Monday, October 11, 2010

Army Bids Goodbye to Last Draftee

Chief Warrant Officer Clyde Green and his wife Veria, in front of their house on base. Green, one of the last men drafted into the Army, and a Vietnam veteran, is retiring after 40 years of service in a ceremony to be held at Fort McPherson Thursday. He’s the oldest soldier at Fort McPherson, where he lives in the oldest house on base.

Bob Andres bandres@ajc.com

http://www.military.com/news/article/army-bids-goodbye-to-last-draftee.html

September 30, 2010
Atlanta Journal-Constitution

He was a kid who didn't want to be a Soldier.
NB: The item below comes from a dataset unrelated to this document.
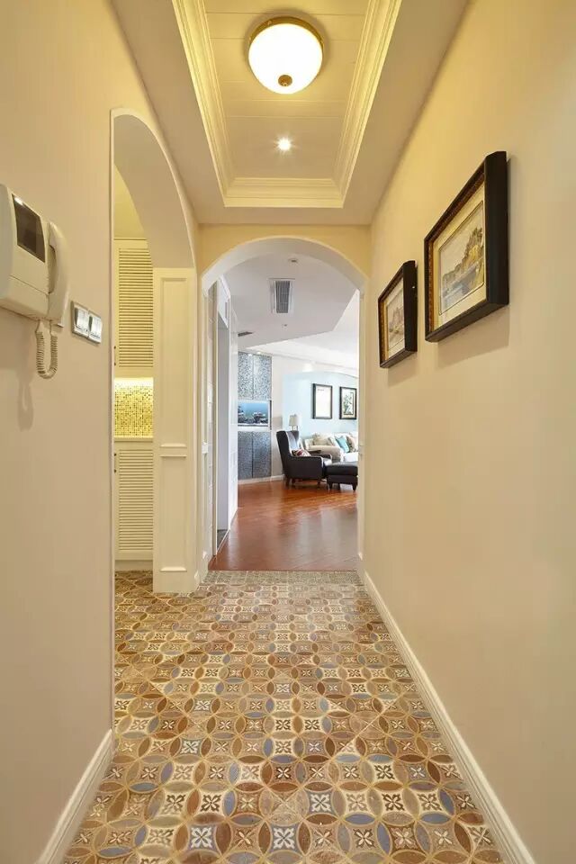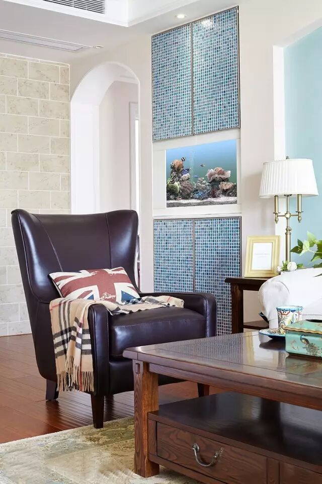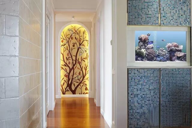这套房的格局有一点怪怪的,不知道当初建房的时候是怎么规划的,不过这样装修下来,看起来还挺顺眼的,很个性! ▲入户装铜钱样的地板,也有一定风水作用!望向客厅,不知道过道是斜的还是客厅是斜的! ▲冰蓝色做背景,搭配蓝色的窗帘,鱼缸所在位置代替了玄关的作用! ▲看到餐厅了吧,虽然让人傻傻的分不清到底哪里是正方位,但是整体看起来还挺顺眼的吧! ▲餐厅的设计很有品位的样子,卡座是当下很流行的餐厅设计手法! ▲餐厅被隔离成了单独的空间! ▲走廊尽头藏有灯带的拱门好似把人带入另外一个童话仙境的感觉。 ▲儿童房虽然不大,但是有床,有柜,有飘窗,有书桌! ▲阳台设计了休闲一角,合理的利用了阳台的特性。 | |

There was a war in Vietnam and a peace movement in America.

But then he got the government's letter and soon found himself on a cold December morning in 1970 in front of a post office in Sumter, S.C., listening to a Soldier read names until he heard his: "Clyde Green!" With that, the 20-year-old kid climbed on the bus headed to a U.S. Army base.

"I didn't want to join the Army," Green said last week. "The Army came and got me."

When he retired as a chief warrant officer in a ceremony this morning at Fort McPherson, Ga. --- after 39 years, 9 months and 15 days of continuous active duty --- he became, by the best accounting, the last U.S. Army draftee who fought in Vietnam.